Давид Азио - Ван Гог
Обзор книги Давид Азио - Ван Гог
Давид Азио
Ван Гог
Живопись прежде всего исповедь.
Из письма Винсента Ван Гога брату ТеоВан Гог не только знаменитый художник, но и одна из первых поп-икон XX века. У него миллионы поклонников. Американцы восхищаются им не меньше голландцев, а японцы просто сходят с ума, возможно даже не догадываясь, что их кумир сам был влюблён в их искусство. В восьмидесятых годах некий японский богач купил вангоговские «Ирисы» за девяносто семь с половиной миллионов долларов, установив мировой рекорд: в XX веке за произведение искусства таких денег прежде никогда не платили.
Как же всё-таки причудливо устроен мир: самой дорогой картиной становится полотно всю жизнь бедствовавшего Ван Гога. Не Сезанна, не Матисса и даже не Пикассо, а страдальца Винсента. Большинство художников еле-еле сводят концы с концами, пока не добиваются признания, но лишения, на которые обрёк себя Ван Гог, меркнут перед любыми испытаниями. Не только вечное самоограничение, но и вечные угрызения совести: сначала жить приходилось на содержании отца, а потом младшего брата, его доброго ангела. Тео Ван Гог делал карьеру арт-дилера (от которой в своё время отказался Винсент) и мог поддерживать брата, тратившего франки не столько на еду и кров, сколько на холсты и краски, которых у него уходили метры и килограммы.
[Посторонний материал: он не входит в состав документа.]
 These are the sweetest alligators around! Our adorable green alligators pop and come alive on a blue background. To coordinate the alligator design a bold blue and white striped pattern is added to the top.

У бедняги Винсента была единственная возможность отплатить брату за доброту – без устали писать картины, надеясь, что когда-нибудь они начнут продаваться. «Хочу верить, что с каждым днём мои этюды всё больше будут радовать тебя», – пишет он Тео, предлагая подписывать картины сразу двумя именами; он полагает, что присылаемые братом деньги дают тому полное право считать себя его соавтором.
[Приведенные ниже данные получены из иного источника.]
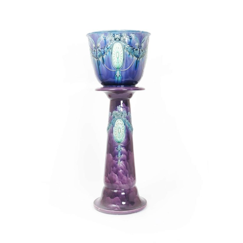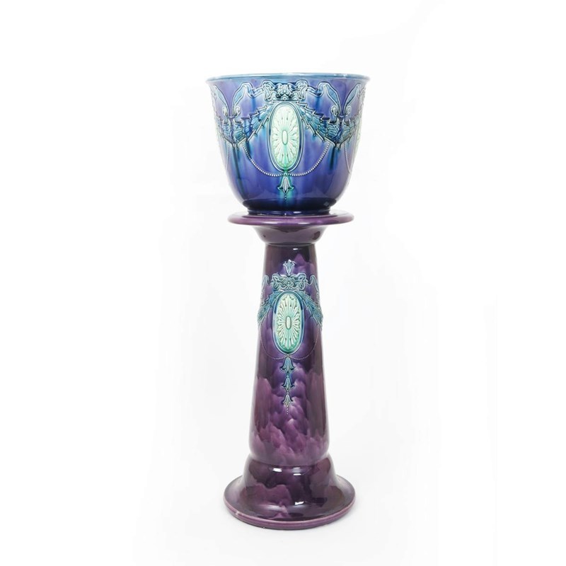 A Minton's Secessionist jardiniere and stand designed by Leon Solon and John Wadsworth, cylindrical form, cast in low relief with swags and floral medallions, in shades of blue on a purple ground unsigned, stamped 5669, 100cm. high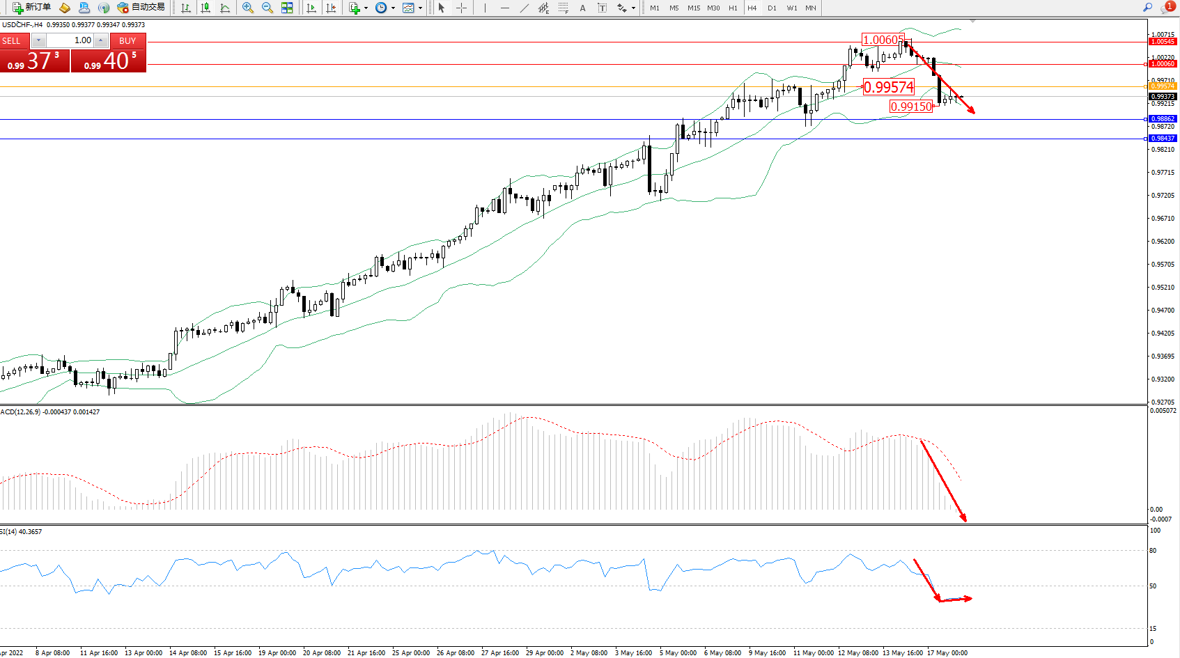 美元瑞郎USDCHF——4小时K线图显示:

Хотя Виснет и делал подобные предложения, картины всегда подписывал только своим именем – Vincent. Именно именем, а не фамилией Van Gogh, считая, что тем самым нанесёт оскорбление родным, числившим его полным неудачником. С отцом, сёстрами и богатыми дядюшками отношения складывались непросто. Всю жизнь Ван Гог пытался, как выразился один из его биографов, «искупить непутёвое прошлое». «Я не хочу быть сыном, которого стыдятся», – повторял он словно заклинание. Однако родители его не понимали, женщины – отвергали. «Видно, этот человек совсем не умеет наслаждаться жизнью», – говорили о нём друзья, каковых, по большому счёту, у него и не было.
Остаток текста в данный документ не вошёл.